After a 12-month competitive study, proposal and evaluation phase, concluded at the end of 1998, ESA recommended Astrium SAS of Toulouse, France, as prime contractor. The contract for the design and development of this first European spacecraft to visit the planet Mars was signed formally on 30 March 1999.

The relatively low cost of the mission was achieved through new and innovative approaches in the working relationship between ESA, industry, national agencies and the scientific community, and through the reuse of equipment developed for ESA's Rosetta mission. Some of the scientific instruments have a heritage from the Russian Mars 1996 mission.

Partnerships

ESA believes that the scientific community and European industry have gained sufficient experience during past scientific projects for industry to take on more responsibility for the management of interfaces, in particular with the scientific payload.
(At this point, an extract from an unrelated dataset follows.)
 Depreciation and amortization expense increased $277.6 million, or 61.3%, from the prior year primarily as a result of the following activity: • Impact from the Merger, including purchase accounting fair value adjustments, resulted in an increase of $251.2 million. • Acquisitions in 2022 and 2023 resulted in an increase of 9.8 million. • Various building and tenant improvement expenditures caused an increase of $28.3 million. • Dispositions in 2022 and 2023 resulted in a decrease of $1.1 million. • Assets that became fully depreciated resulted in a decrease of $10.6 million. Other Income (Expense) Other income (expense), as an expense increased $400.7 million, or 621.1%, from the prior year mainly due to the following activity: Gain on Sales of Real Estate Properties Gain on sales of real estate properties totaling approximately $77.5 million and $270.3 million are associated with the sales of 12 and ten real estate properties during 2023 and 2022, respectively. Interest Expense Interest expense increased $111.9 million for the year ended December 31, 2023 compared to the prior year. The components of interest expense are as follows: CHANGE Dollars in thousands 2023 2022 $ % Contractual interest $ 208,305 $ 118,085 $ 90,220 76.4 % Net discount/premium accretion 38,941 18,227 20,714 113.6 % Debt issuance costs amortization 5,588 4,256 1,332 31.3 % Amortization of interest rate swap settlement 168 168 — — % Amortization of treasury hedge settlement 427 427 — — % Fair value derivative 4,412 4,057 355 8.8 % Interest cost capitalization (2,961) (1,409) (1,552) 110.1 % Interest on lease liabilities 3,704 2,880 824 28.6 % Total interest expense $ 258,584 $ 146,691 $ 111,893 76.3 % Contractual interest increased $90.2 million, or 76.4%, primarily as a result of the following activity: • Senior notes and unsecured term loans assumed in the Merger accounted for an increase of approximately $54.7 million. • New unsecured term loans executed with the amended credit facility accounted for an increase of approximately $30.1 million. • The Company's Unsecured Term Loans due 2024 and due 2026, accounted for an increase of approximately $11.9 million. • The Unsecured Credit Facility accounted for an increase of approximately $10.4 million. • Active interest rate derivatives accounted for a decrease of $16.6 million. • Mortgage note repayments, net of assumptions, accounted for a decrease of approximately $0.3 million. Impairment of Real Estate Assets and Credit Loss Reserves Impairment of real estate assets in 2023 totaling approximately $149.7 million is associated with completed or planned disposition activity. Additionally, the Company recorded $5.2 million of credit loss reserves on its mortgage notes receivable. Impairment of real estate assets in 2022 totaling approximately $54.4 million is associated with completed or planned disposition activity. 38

For this reason, Astrium SAS is taking on tasks that previously would have been done by the project team at ESTEC. These include interacting directly with the Principal Investigators for the scientific payload and with the launch services supplier, Starsem, to ensure that technical interfaces are compatible. As a consequence of this shift in responsibility, the ESA project team is only ten-strong compared with at least 20 for earlier comparable missions.
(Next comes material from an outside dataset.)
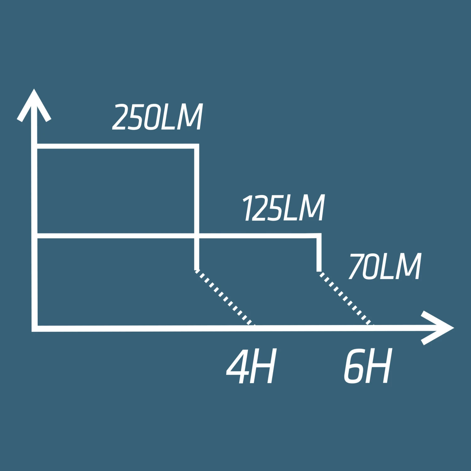 2 manual light settings: 250 lumens, 125 lm.
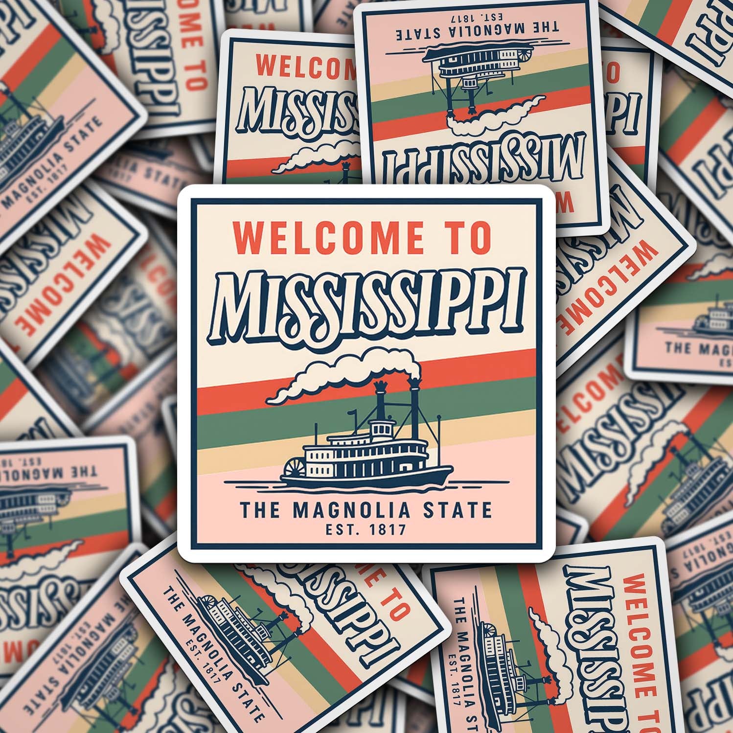 Celebrate The Magnolia State with this vintage-inspired Welcome to Mississippi vinyl sticker! Featuring a classic steamboat cruising the river with colorful retro striping, this design reflects the rich culture and history of Mississippi. Perfect for travelers, collectors, or proud Mississippians, this sticker is a timeless keepsake of southern pride.

The Soyuz-Fregat launcher was provided by Starsem, which is jointly owned by Arianespace, Aerospatiale, the Russian Aviation and Space Agency and the Samara Space Centre.

Technical Summary

The Red Planet has always been a source of intrigue and fascination. It is currently the only planet in the Solar System on which there is a strong possibility of finding life - past, or perhaps present. And it is a prime candidate for future manned exploration, and even colonisation.

Mars

The end of 2003 and early 2004 will see a true scientific invasion of Mars as no fewer than six international spacecraft chart a course to the planet within a short time. Europe has waited a long time for the opportunity to mount its own mission to Mars and that dream is now reality. Mars Express, the name of ESA's Mars mission for 2003, marks the opening of a new era for Europe in planetary exploration.

Mars

Mars Express will be an important element of the international flotilla of spacecraft destined to explore Mars in the first decade of the new millennium. The ESA project is also the start of an innovative way of organising the building blocks that form European space missions. The spacecraft was built and launched in record time and at a much lower cost than previous, similar missions into outer space.
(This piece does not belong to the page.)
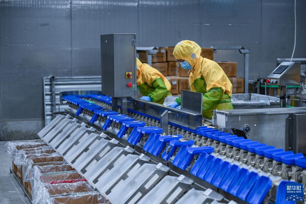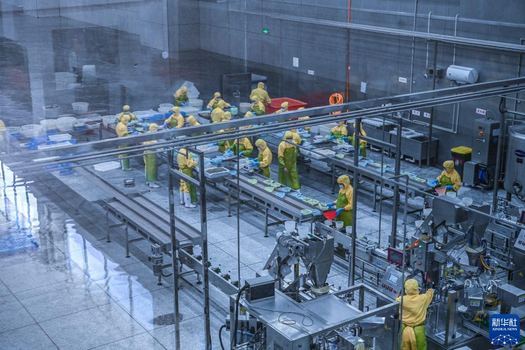 8月24日,在福建省福清市元洪國際食品産業園,工人在福清市兆華水産食品有限公司水産品預製菜加工生産線作業。新華社記者 周義 攝

Artist impression of the Mars Express orbiter

A scientific water diviner

Mars Express is the first 'flexible' mission of ESA's long-term science exploration programme. The journey to the red planet began on 2 June 2003 with the launch from the Baikonur Cosmodrome on a Soyuz-Fregat rocket. It ended on 25 December 2003 with the successful orbit insertion. Mars Express comprises a number of essential components - the spacecraft and its instruments, the lander, a network of ground and data processing stations, and the launcher itself. These are supported by an experienced team of engineers in ESA and industry and hundreds of international scientists.

The mission's main objective is to search for sub-surface water from orbit and deploy a lander onto the Martian surface. Seven scientific instruments onboard the orbiting spacecraft will perform a series of remote sensing experiments designed to shed new light on the Martian atmosphere, the planet's structure, geology and composition.

Beagle 2 lander leaving Mars Express following the Cruise Phase

The lander, called Beagle 2 after the ship in which Charles Darwin set sail to explore unchartered areas of the Earth in 1831, represented an exciting opportunity for Europe to contribute to the search for life on Mars.

While addressing its science objectives, Mars Express will also provide relay communication services between the Earth and various landers deployed on the surface by other nations, thus forming a centre piece of the international effort in Mars exploration.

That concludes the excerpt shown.